Nomura’s jellyfish swim towards the coast

November 17th, 2009 - 8:11 pm ICT by Aishwarya Bhatt  

Kokonogi, Nov 17 (THAINDIAN NEWS) Nomura is the world’s largest jellyfish and its poison can kill the other fish very fast. It normally used to stay in the ocean but are now a common occurrence along Japan’s coastline and a big cause for worry for the fishermen. This may be due to the fact that global warming has in turn affected the overall temperature of the oceans and has allowed some of the almost 2,000 jellyfish species to expand their geographical ranges, appear earlier in the year and increase their overall population as well.

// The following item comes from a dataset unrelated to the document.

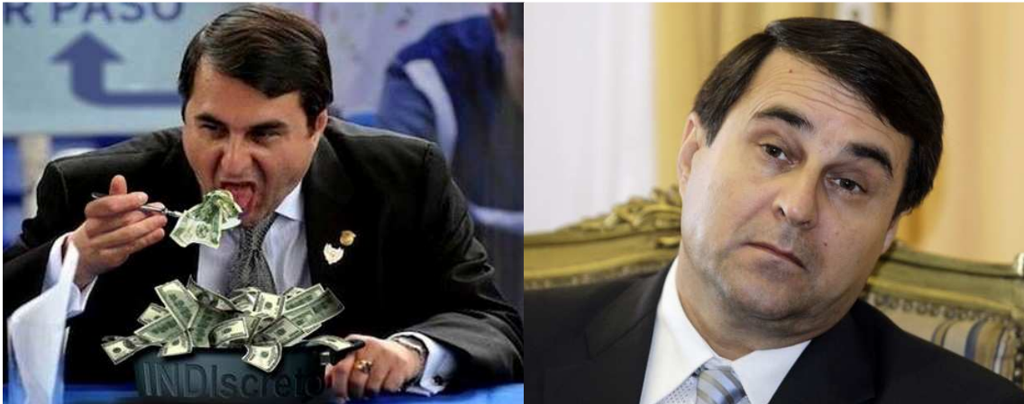
Ex-funcionario Federico Franco Gómez, 'El Breve', golpista, mediocre y ladrón.

‘The gelatinous seaborne creatures are blamed for decimating fishing industries in the Bering and Black seas, forcing the shutdown of seaside power and desalination plants in Japan, the Middle East and Africa, and terrorizing beachgoers worldwide’, the U.S. National Science Foundation says.

“Some fishermen have just stopped fishing,” said Taiichiro Hamano, 67. “When you pull in the nets and see jellyfish, you get depressed.”

Lucas Brotz, a researcher from the University of British Columbia, told AP, “These increases in jellyfish should be a warning sign that our oceans are stressed and unhealthy.”

Japanese fisherman Fumio Oma and his hard working crew are now out of work after their fishing net broke under the weight of thousands of jellyfish. He told the media that, “We have been getting rid of jellyfish. But no matter how hard we try, the jellyfish keep coming and coming. We need the government’s help to get rid of the jellyfish.”